# Restoring antique mahogany chest of drawers.



## Ollie78 (14 Nov 2011)

Hi,
I have a project to fix up a large chest of drawers. I have no problem with the carpentry side of the job , replacing a few mouldings and veneer and sorting out the badly fitting worn out drawers.

My problem is in the tidying up of the finish. I have ascertained that the finish is shellac/ French polish by testing a bit of meths on the side of the piece.
So I have cleaned it twice with sugar soap to remove any grime.
I am now left with a mixed result in some areas it appears very clean and feels smooth to the touch, in others there is still some residue which feels slightly waxy and if rubbed hard with my finger sort of rubs off.

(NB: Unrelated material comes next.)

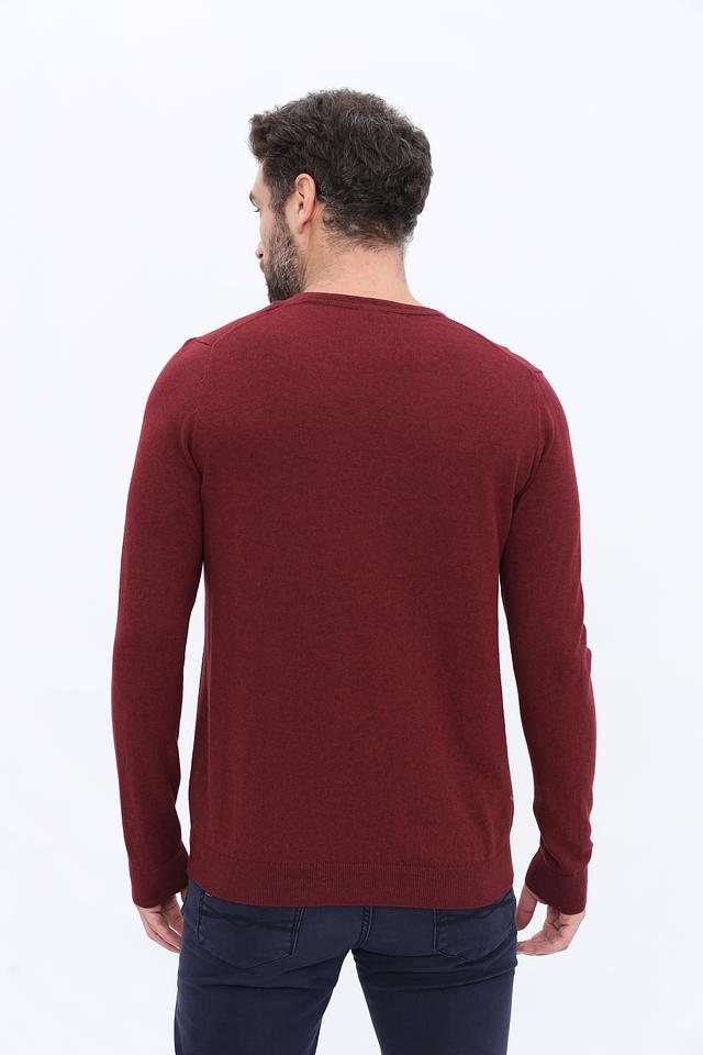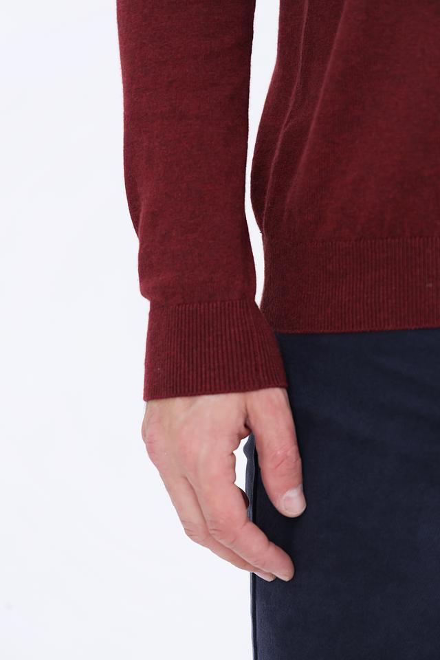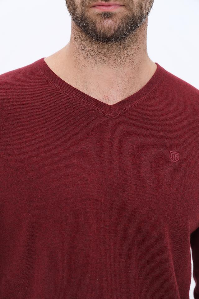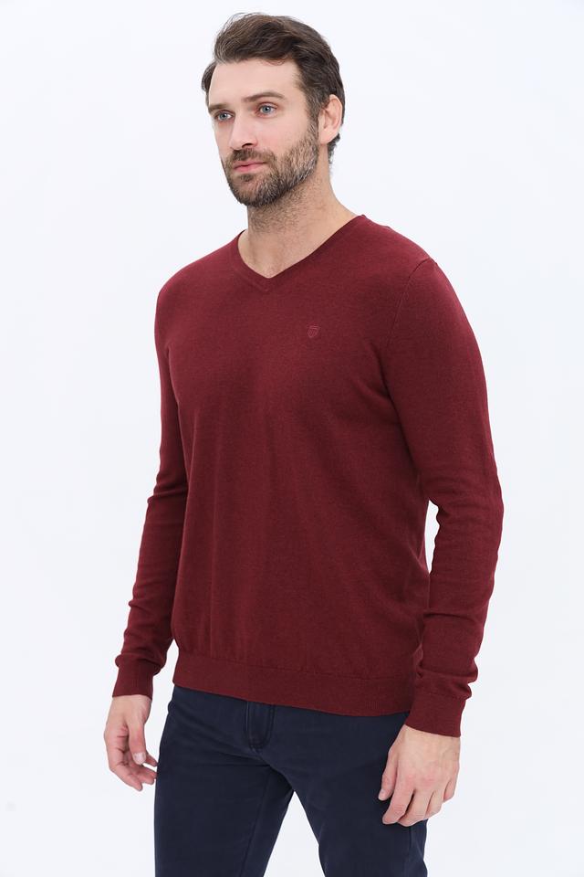 Модель имеет классический крой с V-образным вырезом, который подчеркивает линию шеи и делает образ более элегантным. Бордовый цвет придает джемперу изысканность и позволяет легко сочетать его с различными элементами гардероба.

This cleaning appears to have removed the white water spots that were there before.

Should i sugar soap it again or do I risk damage ? and if so do I need to apply new french polish or can I just wax it ?

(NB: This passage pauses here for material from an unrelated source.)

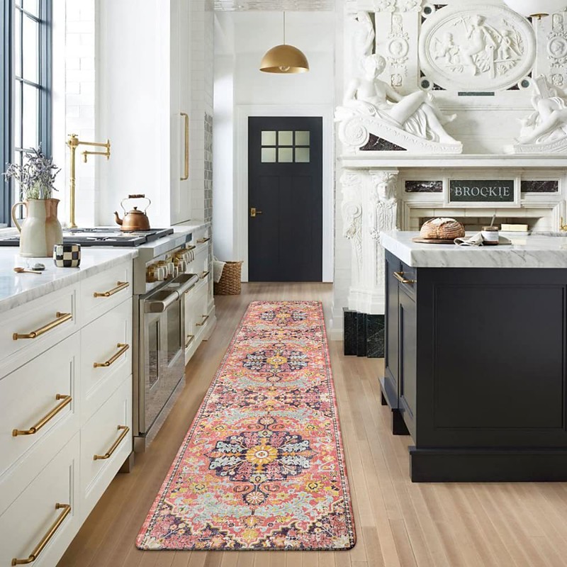 Runner Rugs For Hallway Kitchen Persian Style Crystal Velvet Absorbent Floor Mat For Sink Laundry Room Hallway Durable Rubber Backed Soft Non-Slip Machine Washable Rug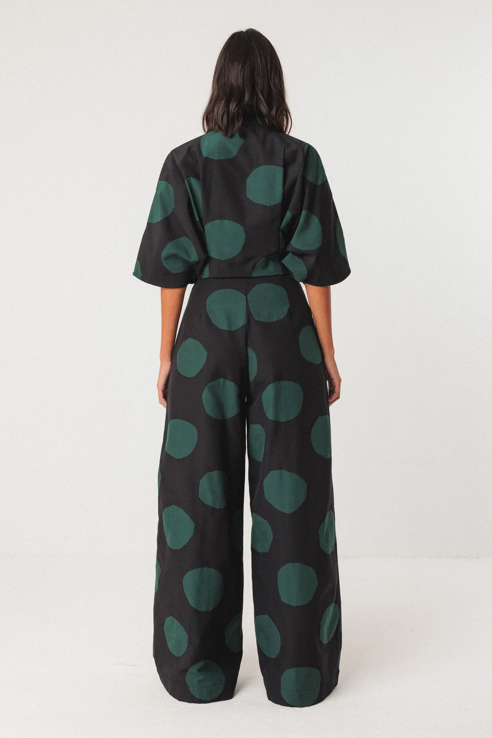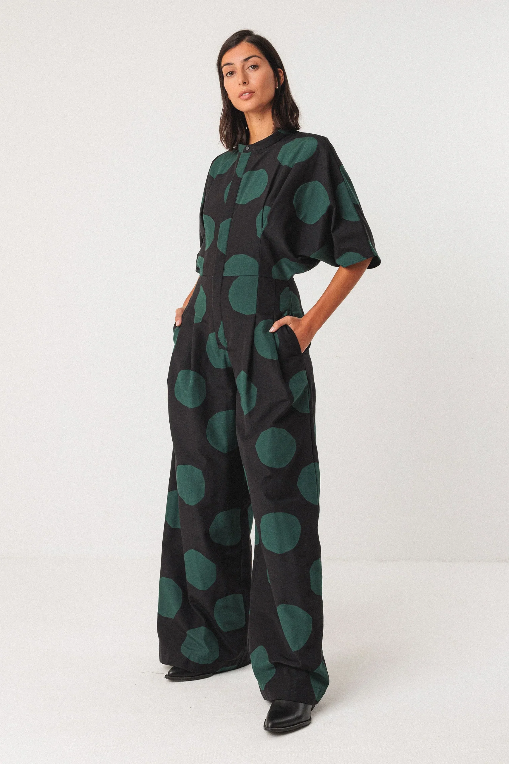 Combinaison en coton bio siloe lorea dots · noir et vert foncé

The client does not want to spend much money on it and was primarily interested in getting the function of the drawers working and the other repairs. However I would like to send it back looking as good as possible.

Any advice appreciated.
Ollie


----------



## Chrispy (15 Nov 2011)

I seem to remember using something called reviver for this kind of thing. A mixture of white spirit,linseed oil and vinigar to clean and polish old french polish.


----------



## twothumbs (15 Nov 2011)

Smith & Rodgerwww.frenchpolishes.com used to have very effective remedial materials much used by the antique trade I seem to recall. May be worth a try as the results were good on early mahogany.

I should have added that a warm iron on clean paper may remove water marks. I sometimes works with care. Use the iron gentle and keeping checking to see how the marks are disappearing. Only takes a mimute to do.

Good luck.


----------



## Roxie (16 Nov 2011)

I use a mixture, in equal parts, vinegar, white spirit, meths & either danish oil or linseed. Apply using 0000 grade wire wool. This mixture, because of its component parts, will remove the wax, grime and the oil will lubricate the wire wool. I have also been successful in removing "white marks" rubbing more vigorously to create a little warmth.
Hope this helps
John


----------